The results of the test are shown in table 1.

[ Table 1]

^aMICs were analyzed by E-test

^bMICs were analyzed using CLSI M27-A3

^cFLCZ drug-resistant strain

FLCZ: fluconazole, TTCZ: itraconazole, VRCZ: voriconazole, RVCZ: levoconazole

The average MICs of 14 isolates (Nos. 1-14) were as follows: the fluconazole is 17.313mg/L (range: < 0.016-128mg/L), the itraconazole is 0.235mg/L (range: < 0.002-0.75mg/L), the voriconazole is 0.036mg/L (range: < 0.002-0.125mg/L), and the ravuconazole is 0.0376mg/L (range: < 0.003125-0.25 mg/L). Compared with other azole antifungal compounds, ravuconazole showed significant results.

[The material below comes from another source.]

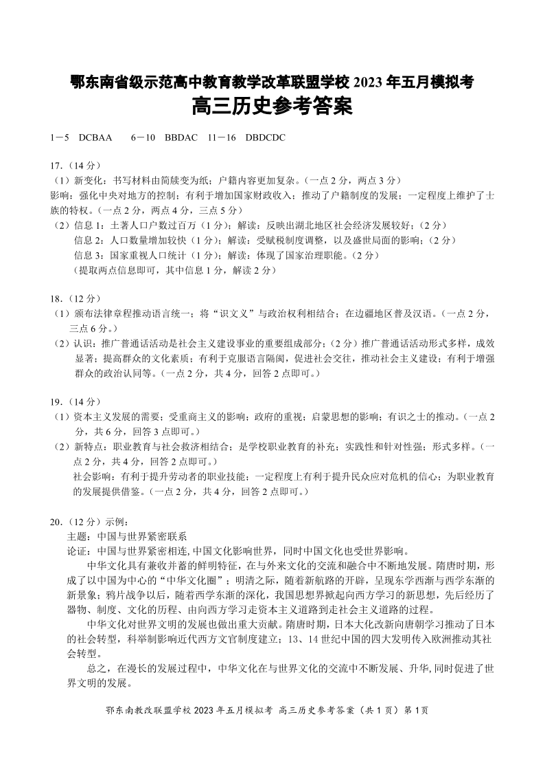 鄂东南联盟2023年五月模拟 历史参考答案
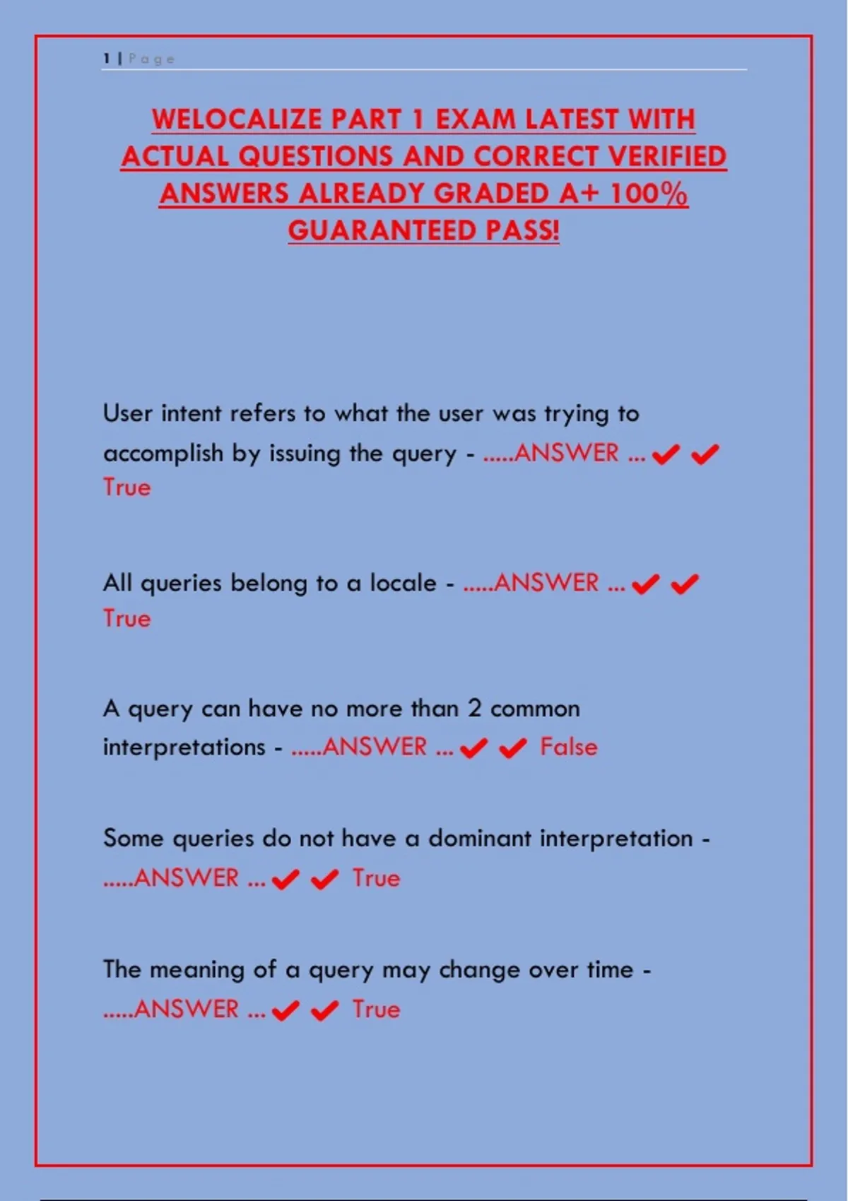 Pass the 2025 WeLocalize Part 1 certification exam on your first attempt. This guide provides the latest actual test questions with 100% correct, verified answers. Essential for search quality raters, ads evaluators, and localization specialists to achieve a top score and advance their careers.

On the other hand, MIC of azole-based drug-resistant strains (No.15-17) is as follows: fluconazole is more than 256mg/L, itraconazole is more than 32mg/L, voriconazole is 6-12mg/L, raviconazole is 0.25-0.5mg/L, and raviconazole shows remarkable effect.

As controls, MIC analyses of CLSI M27-A3 test and E-test were carried out using Candida parapsilosis (Candida parapsilosis) ATCC 22019 and Candida krusei (Candida krusei) ATCC 6258 obtained from ATCC. As a result, a high correlation was observed between the results of MIC of the azole drugs obtained in CLSI M27-A3 test and E-test, and the results were compared.

The above detailed description is only for the purpose of illustrating the present invention and is not intended to limit the scope of the claims appended hereto. Various modifications and alterations to the described embodiments will be apparent to those skilled in the art in light of the teachings set forth herein without departing from the scope of the appended claims.

Industrial applicability

The antifungal agent comprising ravuconazole provided by the present invention is useful as a therapeutic agent for cryptococcosis.